- Born: 1 September 1934 Amsterdam, Netherlands
- Died: 31 January 1996 (aged 61) Leiden, Netherlands
- Occupation: Archaeologist

Academic background
- Education: University of Amsterdam (BA; MA, 1962); Institute of Archaeology (PhD, 1969);
- Thesis: Archaeological Evidence for Maritime Trade in the Persian Gulf in the Third Millennium BC (1969)
- Doctoral advisor: Seton Lloyd

Academic work
- Discipline: Archaeology
- Sub-discipline: Near Eastern archaeology; South Asian archaeology;
- Institutions: Leiden University

= E. C. L. During Caspers =

Dutch archaeologist

Elisabeth Christina Louisa During Caspers (1 September 1934 – 31 January 1996), known familiarly as Inez During Caspers, was a Dutch archaeologist.

== Education and career ==
During Caspers was born in Amsterdam in 1934. She studied both Mesopotamian and South Asian archaeology at the University of Amsterdam, graduating with an MA in Sumerian and prehistoric archaeology in 1962. She then went on to the Institute of Archaeology in London, where she completed her PhD in 1969. Her thesis, supervised by Seton Lloyd, was on maritime trade between Mesopotamia and the Indus Valley in prehistory.

In 1973, after spending several years working in the manuscript room of the University of Amsterdam library, During Caspers was appointed a lecturer at the Kern Institute of Indology at Leiden University. She remained at Leiden for the remainder of her career, taking a position at its newly-founded department of archaeology in 1986. She was the editor of the Annual Bibliography of Indian Archaeology (ABIA) for the years 1967–1969 and 1970–1972.

Suffering from cancer in her later years, During Caspers took early retirement in 1995. She began working on deciphering the Indus script, but the project she assembled was cut short by her death from heart failure in 1996.

== Fieldwork ==
During Caspers actively participated in fieldwork throughout her career. In 1966, she met Beatrice de Cardi, who was planning an expedition to Bampur in southwestern Iran. de Cardi invited During Caspers to join her small team as they attempted to relocate and re-excavate sites discovered by Aurel Stein in the 1930s. According to de Cardi's account, During Caspers' six-week stay was eventful. The team encountered outbreaks of both cholera and typhoid fever, and were stranded by car failures or fear of wolves on multiple occasions. During Caspers also received news of her father's death part way through the expedition, but stayed to help finish the work anyway. Just before she left the country, an Armenian workman who had become enamoured of During Caspers proposed to her, and had to be restrained from breaking down her hotel room door when she declined. Despite this "somewhat inconsiderate introduction to expedition life", During Caspers returned to Iran in 1970, joining C. C. Lamberg-Karlovsky's excavations at Tepe Yahya.

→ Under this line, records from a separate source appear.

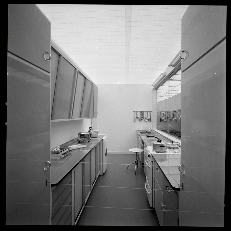 Bilden föreställer ett smalt kök. Till vänster bänk med skåp undertill och ovanför. På bänken står husgeård. Till höger bänk med skåp under och spis i mitten, med kastruller på. På bakre väggen hänger slevar.
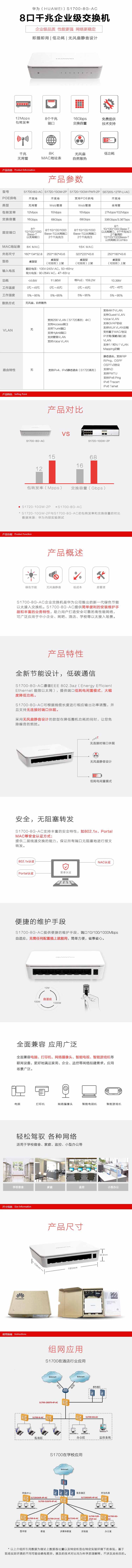 ★ 华为/Huawei S1700-8G-AC 桌面式非网管交换机 8个10/100/1000Base-T以太网端口
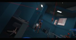 Главная фишка — уникальная механика телепортации. Выстреливайте маркер-шар, заглядывайте в «окошечко» будущей точки перемещения, оценивайте обстановку — и мгновенно переноситесь, чтобы спрятаться в шкафу или ударить врага в спину канцелярским крючком-расчленителем. Физика здесь не просто для красоты: каждый предмет можно бросить, схватить или использовать как оружие, а нефункциональные вентиляционные решётки превращаются в секретные тропы.
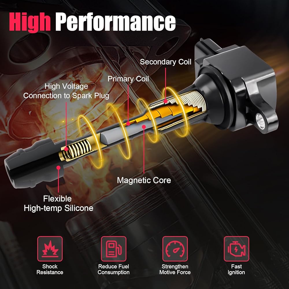 【Excellent Function】: After approximately 50,000 kilometers of driving, your Coil Packs may start to show signs of aging, potentially leading to engine misfires, rough idling, decreased power, and poor fuel economy. Our meticulously designed and upgraded Coil Packs are engineered to surpass OEM standards, ensuring effortless installation and drastically improving performance. Experience exceptional cold-start capabilities and smoother engine operation.
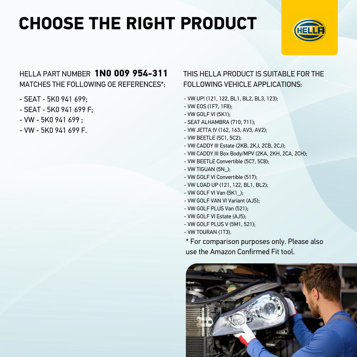Q: What vehicles are compatible with the HELLA 009954311 fog light assembly?A: The HELLA 009954311 fog light assembly is specifically designed for the Seat Alhambra models 710 and 711, manufactured from June 2010 onwards.
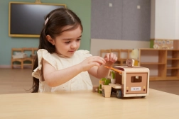 Hochwertiges Massivholz und sichere Oberflächen sorgen für lange Haltbarkeit selbst bei täglichem Spiel. Das Set fördert soziale Interaktion, Kommunikation und Fantasie – Kinder können „Kaffee kochen“, Gebäck verkaufen und eigene Café-Geschichten erfinden.
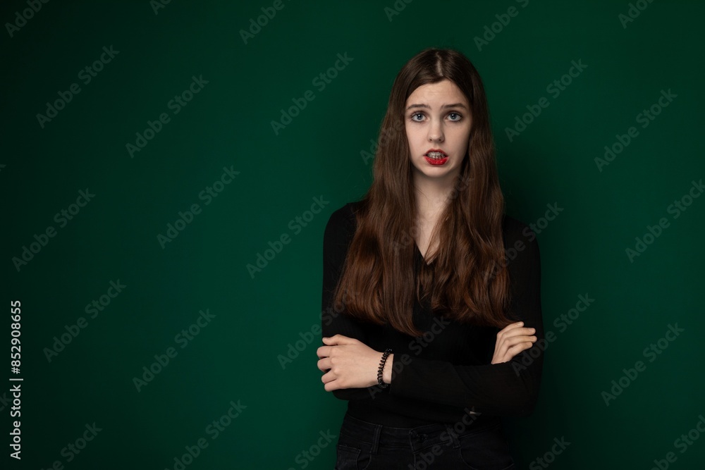 Woman With Arms Crossed Against Green Background
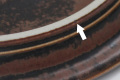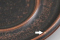 矢印部分、ソーサー裏ふちに施釉ムラにより小さな白い焼きムラ、裏高台に焼きジミのようになっている箇所がありますが、製造時レベルで不良不具合ではありません。全体的に綺麗なコンディションです。
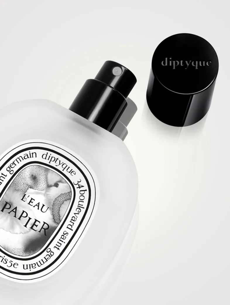 In a single, invisible gesture, the mist enriches the hair while intensively perfuming it with notes of L’Eau Papier. Signed by Diptyque, an olfactory interpretation of the absorption of ink into a sheet of paper.
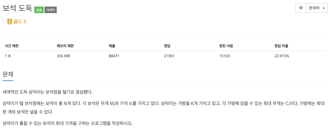 문제의 핵심은 무게 제한이 있는 가방에 최대 가치를 가지는 보석을 훔치는 방법이다.

Her introduction to Arabian archaeology came in 1975, when she joined Michael Roaf's expedition to al-Markh in Bahrain. In 1976, she organised her own expedition to Pakistan, where she and J. C. M. H. Moloney conducted an extensive photographic survey of major sites and museum collections. In the late 1970s she also planned excavations at Saar in Bahrain, but was unable to raise the funds. She returned the Gulf a final time in 1994, joining Jocelyn and Jeffrey Orchard's Hajar Project. At the time of her death, she was planning to follow this up with her own excavations at Wadi Bahla.